The day: 8th April 2008, Dinner.
The place: Hotel Victoria, Poststraße 2-4, 97980 Bad Mergentheim tel +49(0)7931 593607
The venue: Victoria Vinothek
Closest airports: Munich
The food: Modern German
The drinks: Good and not too long list, strong on German offerings

Amid the gently sloping hills of Baden Wurttemberg, swept by the chilly winds and snow of early spring, where better to find refuge and solace than in the warm embrace of Victoria Restaurant Vinotheck in the pretty spa town of Bad Mergentheim? We had been tipped off by one of our knowledgeable readers, and on a first recognition mission we had been impressed by the warm and relaxed atmosphere.

This Vinotheck shares the large open view kitchen and part of the kitchen staff, but not the room, with a more formal, Michelin starred, restaurant (we'll go there, we'll go there...stay tuned and you'll read our impressions next week).

The pricing structure is very easy: starters (Vorspeisen) go for €12, soups (Suppen) for €6, mains (Hauptgerichte) for €18 and desserts (Nachspeisen) for €8. One can also go for a 3 course set menu (either soup, main and dessert for €29, or starter, main and dessert for €34) or for a 4 course set menu at €39.

The menu is in German only, and as our knowledge of the beautiful language does not go much further than ‘Zimmer frei’, you’ll have to do with our poetically vague descriptions.

We go for the more expensive three course set menu. Here starters, unlike soups, come with ‘wedding bread’ and quark with crauts (Hockzeitsbrot und Kräuterquark), so here they come:

Nice rye bread, with an equally nice spread to go with it.

But now for the real thing. For starters, out of the three available ones, we skipped the smoked trout (Geräucherter Saibling mit Seinem Kaviar und Merrettisch-Crème) and go instead for:

- Pork and vegetable terrine with remoulade and salad (Eisbeinsülze mit Essiggemüse, Remoulade un buntem Salat );

- Best of “smoked pork” in strudel with salad (Das Beste von Mohrenköpfle-Landschewein im Strudelteig mit Senfsaat Sauce und Feldsalat)

The Terrine first: the gelatine was really impressive, flavoursome but not too obtrusive, balancing out the sharp acidity of the pickled peppers, and the sweeter baby corn and gerkins. The pork meat itself was tender and tasty, the whole rounded off very well by the fat remoulade. Overall, then, the dish came out as varied, delicate and fresh.

As for the strudel: the puff pastry embraced a filling of congealed eggs: this probably sounds disgusting, but believe us it was not, just think of a quiche filling. In it sat some finely diced carrots, peas, and above all strips of the smoked ham. The latter we found too salty for our comfort, but (though we do not know this for a fact) we trust this is how this type of cured pork is supposed to taste. It offered a nice combination of textures (the crisp pastry, the soft filling) and tastes (the mildness of the filling playing with the strongly flavoured pork). We can reveal these are themes we'll encounter in the restaurant too.

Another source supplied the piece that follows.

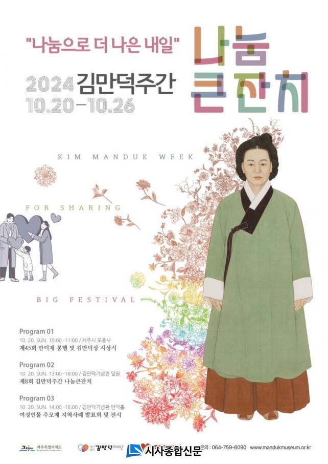 ¡®Á¦45ȸ ¸¸´öÁ¦ ºÀÇà ¹× ±è¸¸´ö»ó ½Ã»ó½Ä¡¯Àº 20ÀÏ(ÀÏ) 10½Ã, Á¦Áֽà »ç¶óºÀ ¸ðÃæ»ç³» ±è¸¸´ö ¹¦Å¾¿¡¼ ¿¸°´Ù. ¸¸´öÁ¦´Â ´ëÇѹα¹À» ´ëÇ¥ÇÏ´Â ³ëºí¸®½º ¿Àºí¸®ÁÖÀÇ Ç¥»óÀÎ ÀÇÀÎ ±è¸¸´öÀÇ Á¤½ÅÀ» ±â¸®°í, ½Ã´ëÁ¤½ÅÀ¸·Î °è½ÂÇϱâ À§ÇØ 1980³âºÎÅÍ ±è¸¸´ö»ó ½Ã»ó½Ä°ú º´ÇàÇÏ¿© ºÀÇàµÇ¾î¿À°í ÀÖ´Ù. ¸¸´öÁ¦´Â 12¸íÀÇ ¿©¼ºÀ¸·Î¸¸ ±¸¼ºµÈ Á¦°ü¿¡ ÀÇÇØ ºÀÇàµÇ´Âµ¥ ÇåÈ¡¤ºÐÇâ, Á¦·Ê ºÀÇà, ºÐÇâ ¼ø¼·Î ¾ö¼÷ÇÏ°Ô ÁøÇàµÈ´Ù.

We are in the right mood to face our main course:

- Blanquette of veal with potato mash (Blanquette von MilchKalb mit Kartoffel-Bärlauch-Püree);

- “Bouillabasse German style” in the words of the hilarious manager (Eintopfs von Süßwasserfischenmit geröstetem Weißbrot)

The veal was ok, but not exceptional: mind you, the meat was good, but the mash was a bit gluey (though, just to put it in perspective, we are light years away from Civezzano). The reduction was fine, but the whole dish was unmemorable, and a bit on the heavy side.

On a different level, the “bouillabaisse”. A soup of freshwater fish, it was remarkable. First of all, one thing we would not have tried at home, the fish was sprinkled all over with a mix of what we suspect must have been parsley (and so far, fine) and with… hard cheese, tasting a lot like parmesan. The same concoction was spread generously over the crostini accompanying the soup:

A rather crazy combination, but working surprisingly well by adding richness. The broth in the soup was also delectably rich in flavour, though we could detect only two varieties of fish. Herbs played their part here, too, and above all there was a pleasant curry undertone. It probably sounds bizarre, but we can assure you the taste was something to write home about - the audacious German style suits these particular Mediterraneans. Somebody who is ridiculously overrated could take a hint from this soup…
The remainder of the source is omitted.